I was taught to do a right sided EKG when you have an inferior wall STEMI, and you would switch v4 to the right side, but my question is what would you expect to see? Would you see STEMI in v4, as well as II, III, and aVF?

And do you use Nitro with with an inferior wall STEMI? I've heard of people using it, but I need to see what my county says specifically about that. 

Also, since we're talking about EKGs, if you suspect a posterior wall MI because of ST depression in v1-v4, you would get the last 3 leads and place it on the left side of the back, on the horizontal plane. Would you also get ST elevation in those leads? How about Nitro for posterior?


----------



## SpecialK (Jul 30, 2016)

There's never been good quality evidence for the use of GTN in STEMI.  The original use of GTN was for angina.

However, yes, give them a spray of GTN and see what happens.  If their chest pain or ECG changes improve then get worse again give them another spray. If not much happens then don't repeat it.


----------



## STXmedic (Jul 30, 2016)

What do you think you would see in V4R in the presence of a STEMI?

Think of the precordial leads as cameras, each one taking a snapshot directly to the heart. On the printout, the machine doesn't know where you stick the leads (it assumes you placed them in the correct position, but doesn't know). It just gives you a printout of each lead's snapshot. So if you move V4 mirrored to the right side, the printout is going to show you whatever V4 sees (it's new view). So what is V4 seeing when it's placed on the right side?

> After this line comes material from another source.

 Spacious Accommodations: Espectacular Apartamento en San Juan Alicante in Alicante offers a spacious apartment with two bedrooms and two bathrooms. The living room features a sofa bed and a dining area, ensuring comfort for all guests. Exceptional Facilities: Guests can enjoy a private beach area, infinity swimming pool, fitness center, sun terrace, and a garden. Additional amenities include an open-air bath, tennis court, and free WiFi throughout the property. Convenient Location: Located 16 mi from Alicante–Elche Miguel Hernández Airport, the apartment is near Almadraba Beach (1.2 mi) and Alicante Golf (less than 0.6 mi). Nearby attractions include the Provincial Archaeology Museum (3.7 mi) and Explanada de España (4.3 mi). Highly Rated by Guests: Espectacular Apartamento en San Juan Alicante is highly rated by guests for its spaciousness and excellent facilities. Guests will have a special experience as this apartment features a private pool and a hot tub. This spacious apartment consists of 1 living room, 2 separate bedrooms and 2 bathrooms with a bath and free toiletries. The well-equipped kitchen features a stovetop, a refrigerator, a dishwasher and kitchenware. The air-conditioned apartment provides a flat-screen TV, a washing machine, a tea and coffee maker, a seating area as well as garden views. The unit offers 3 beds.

Like you said, you need to look up your agency's protocols. For some agencies, it's an absolute contraindication. For others, they just say to use caution. Me personally, I'll just ensure that I have an IV first and that their BP is in an acceptable range. From what I've read, the dramatic plummet in BP when nitro is administered to an RVI is a bit overstated.


----------



## TomB (Jul 31, 2016)

Are you given any protocols on the use of a Right sided EKG and/or the use of Nitro with it?

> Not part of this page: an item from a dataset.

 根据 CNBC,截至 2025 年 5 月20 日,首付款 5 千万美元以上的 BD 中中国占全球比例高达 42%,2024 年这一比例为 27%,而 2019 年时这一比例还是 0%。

--- Our protocols recommend obtaining right-sided chest leads with acute inferior STEMI but it's rarely done in practice.

I was taught to do a right sided EKG when you have an inferior wall STEMI, and you would switch v4 to the right side, but my question is what would you expect to see? Would you see STEMI in v4, as well as II, III, and aVF?

--- Yes, that's the idea.

And do you use Nitro with with an inferior wall STEMI? I've heard of people using it, but I need to see what my county says specifically about that. 

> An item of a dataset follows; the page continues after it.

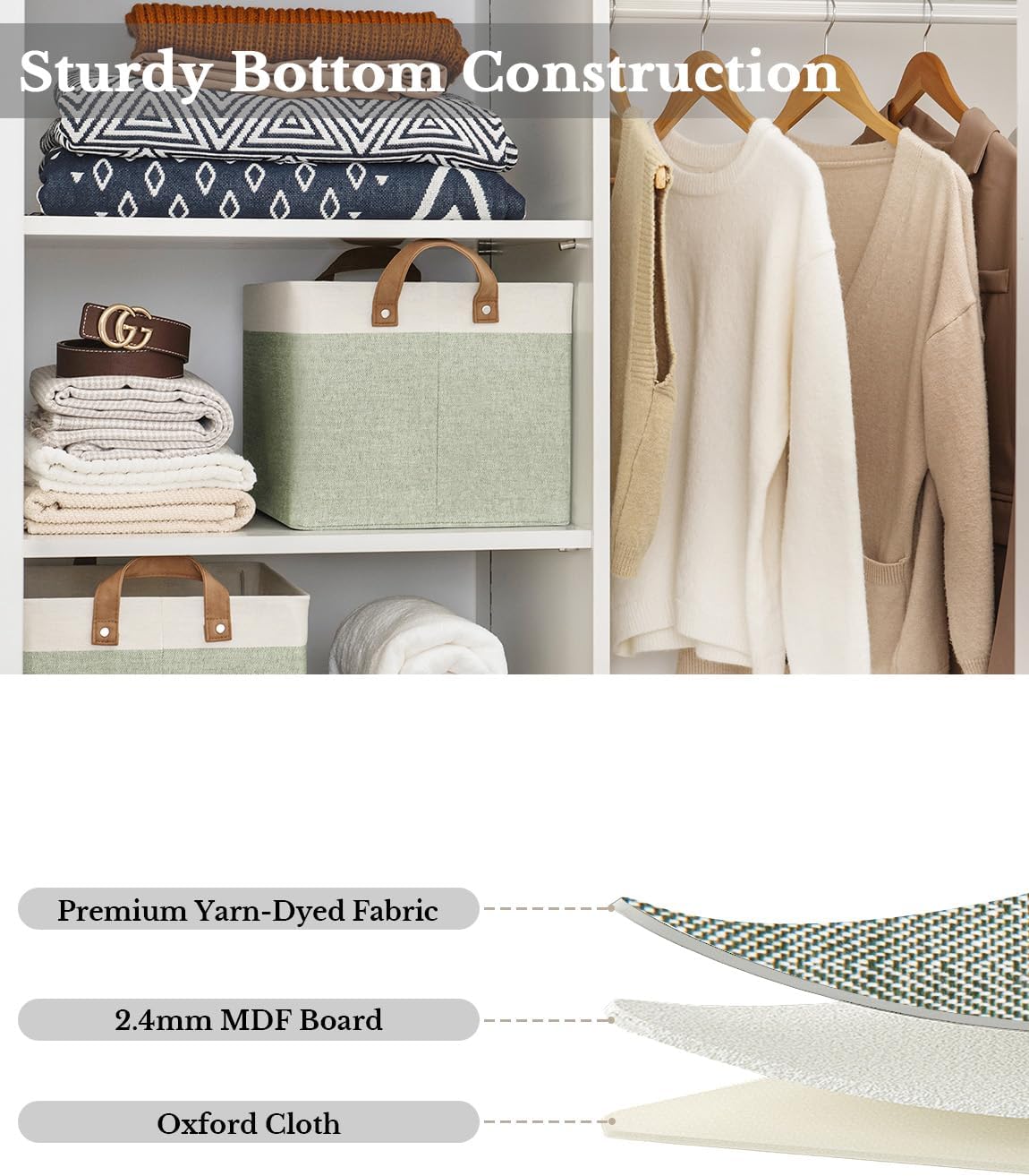 - Premium Quality: Made from high-quality fabric and reinforced with a heavy-duty MDF bottom board and a sturdy metal frame. The solid construction enables the storage bins to stand upright without support, even when empty.

--- The answer is "maybe". We often blame RV infarction for hypotensive episodes when the patient was a poor candidate for nitroglycerin in the first place due to bradycardia and marginal blood pressure (often a manifestation of the Bezold-Jarisch reflex).

Also, since we're talking about EKGs, if you suspect a posterior wall MI because of ST depression in v1-v4, you would get the last 3 leads and place it on the left side of the back, on the horizontal plane. Would you also get ST elevation in those leads? 

--- Again, yes. However, I often see this done in the presence of obvious acute inferior STEMI, and I'm not entirely sure what the point is. For acute isolated posterior STEMI, if modified leads V7-V9 show ST-segment elevation, there's no doubt that it's helpful. Just be aware that the posterior chest leads can be falsely negative. You don't "rule out" circumflex occlusion when there is an absence of ST-segment elevation.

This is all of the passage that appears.